Vi confesso che, amando camminare nella natura, mi piacerebbe poter percorrere un tratto della via francigena, scoprendo romaniche pievi di campagna…un’idea per un week end un po’ diverso…adesso è proprio il periodo giusto, prima dell’arrivo del grande caldo!! 😉

Tra le ricette assaggiate alla presentazione degli itinerari piemontesi della via Francigena, vi ripropongo il dolce di ricotta, questa volta in mono porzioni.
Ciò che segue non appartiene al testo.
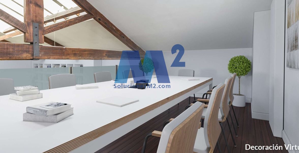 En planta alta altillo, tenemos una sala de reuniones abierta, con capacidad para seis puestos de trabajo.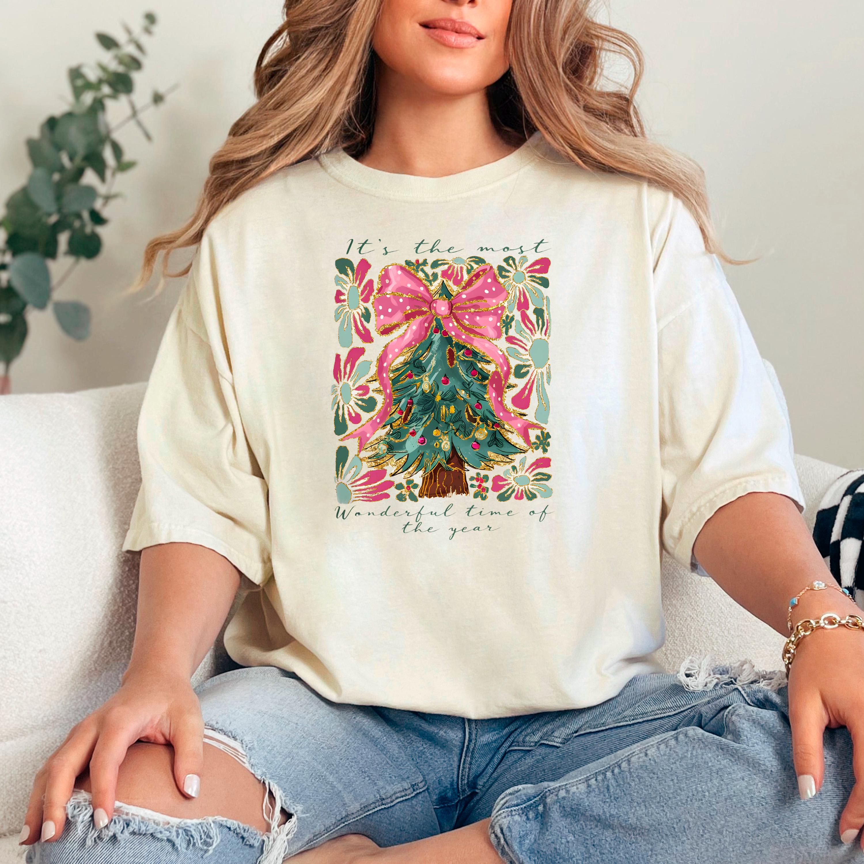 Most Wonderful Time of Year T-Shirt Comfort Colors Christmas Tree Graphic Holiday Pajama Top Cozy Gift

La ricetta: Dolcetti di ricotta al forno con miele e frutta secca

200 g di ricotta di pecora
4 cucchiai di miele millefiori
1 uovo
1 manciata di uva passa ammollata
1 pugnetto di mandorle
1 pugnetto di fiocchi di cereali (per me avena e riso soffiato)

Lavorare la ricotta in modo da renderla cremosa e omogenea. Aggiungervi il miele e poi l’uovo sbattuto leggermente. Mescolare al composto anche l’uva passa.
Suddividere questo composto in 6 stampini da muffin. Completare in superficie con fiocchi di cereali e mandorle intere non pelate.
Infornare a 180° per circa 20 minuti, o finchè i dolcetti non si saranno rappresi e dorati.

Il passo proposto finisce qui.